Josef Bühler was a state secretary and deputy governor to the Nazi Germany-controlled General Government in Kraków during World War II.

Background

Bühler was born in Bad Waldsee into a Catholic family of 12 children. His father was a baker. After obtaining his degree in law he received an appointment to work under Hans Frank, a legal advisor to Adolf Hitler and the Nazi Party. He was also elected as a member of the Weimar and Nazi Reichstags.

Nazi career

Hans Frank was appointed Minister of Justice for Bavaria in 1933. Bühler became a member of NSDAP on 1 April 1933, according to his own testimony at the Nuremberg Trials, and was appointed administrator of the Court of Munich. In 1935 he became district chief attorney.
In 1938 Hans Frank, now Reich Minister without portfolio, put him in charge of his cabinet office. After the invasion of Poland by Nazi Germany in September 1939, Frank was appointed Governor-General for the occupied Polish territories and Bühler accompanied him to Kraków to take up the post of State Secretary of the General Government, also serving as Frank's deputy. He was given the honorary rank of SS-Brigadeführer by Reichsführer-SS Heinrich Himmler around this time.

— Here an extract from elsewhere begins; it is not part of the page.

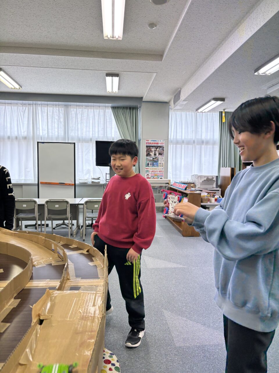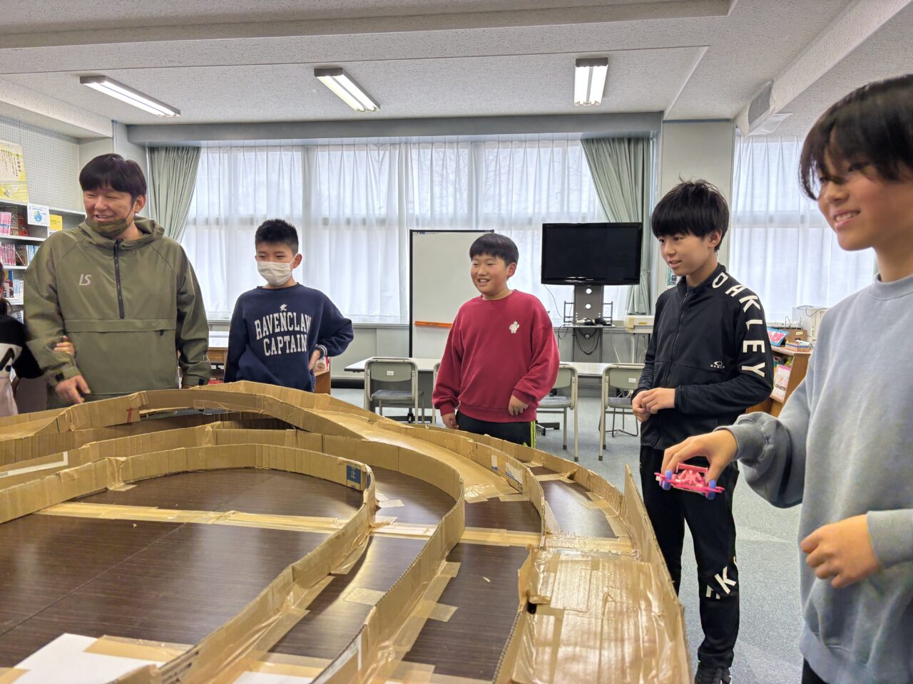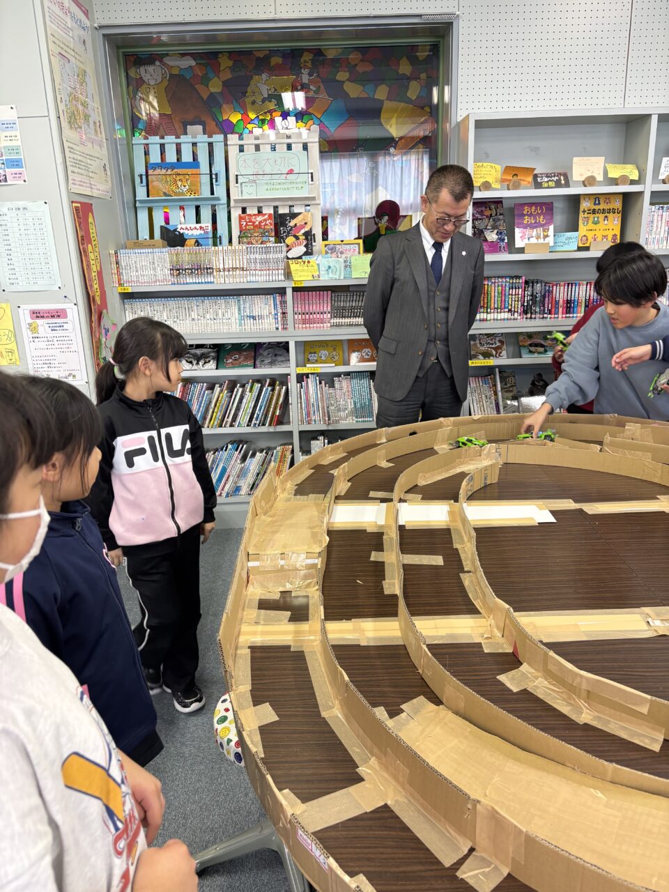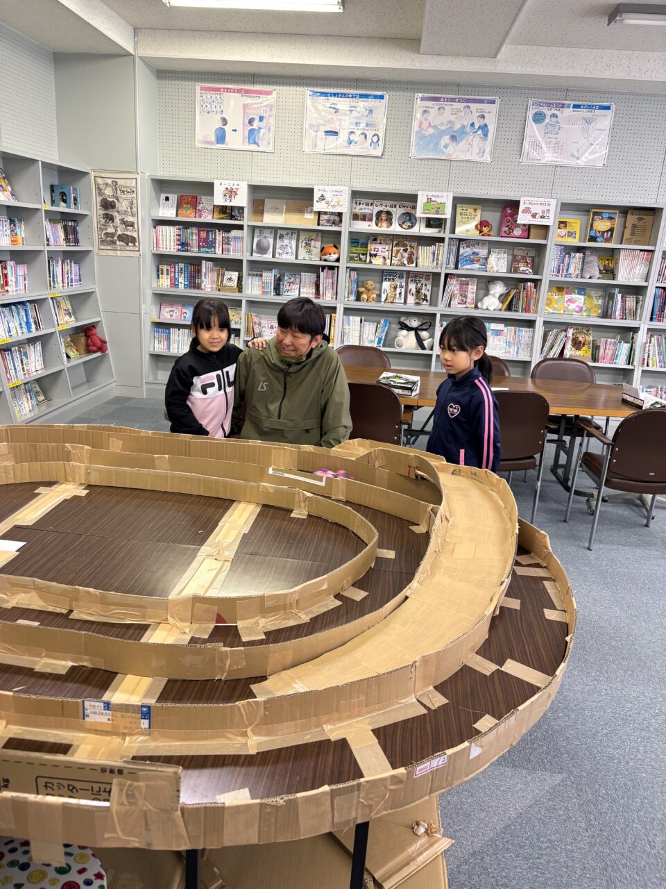 図書室の丸テーブルをサーキットコースに見立て、インターネットで調べた情報をもとに、段ボールを使い、子どもたち自身がコースを設計しました。

Wannsee Conference and Final Solution

Bühler attended the Wannsee Conference on 20 January 1942 as the representative from the Governor General's office. During this conference, which discussed the imposition of the 'Final Solution of the Jewish Question in the German Sphere of Influence in Europe', Bühler stated to the other conference attendees the importance of solving 'the Jewish Question in the General Government as quickly as possible'.

Postwar

After the war, Bühler testified on Frank's behalf at the Nuremberg Trials. He was later extradited to Poland and tried before the Supreme National Tribunal of Poland for crimes against humanity, sentenced to death and the forfeiture of all property on 10 July 1948 and executed by hanging on 22 August at Montelupich Prison in Kraków.

In popular media

Bühler played a major part in the 1992 alternate history Fatherland, written by Robert Harris. In the novel, Nazi Germany continued to fight the Soviet Union well into the 1960s and had hopes of building an alliance and ending its Cold War with the United States. Bühler continued to serve in the novel in the General Government until 1951, when he was wounded by Polish resistance and was forced to retire. The discovery of Bühler's corpse in the Havel at the beginning of the novel sparks the investigation by the protagonist, Xavier March, a major in the now peace-time SS police force. That investigation leads to the discovery of the Final Solution. It turns out that Bühler was murdered by the Gestapo during an attempt to cover all traces of the Final Solution, which Bühler had helped to instigate.
In the 2001 HBO film Conspiracy, which portrayed the Wannsee Conference, Bühler was played by the British actor Ben Daniels.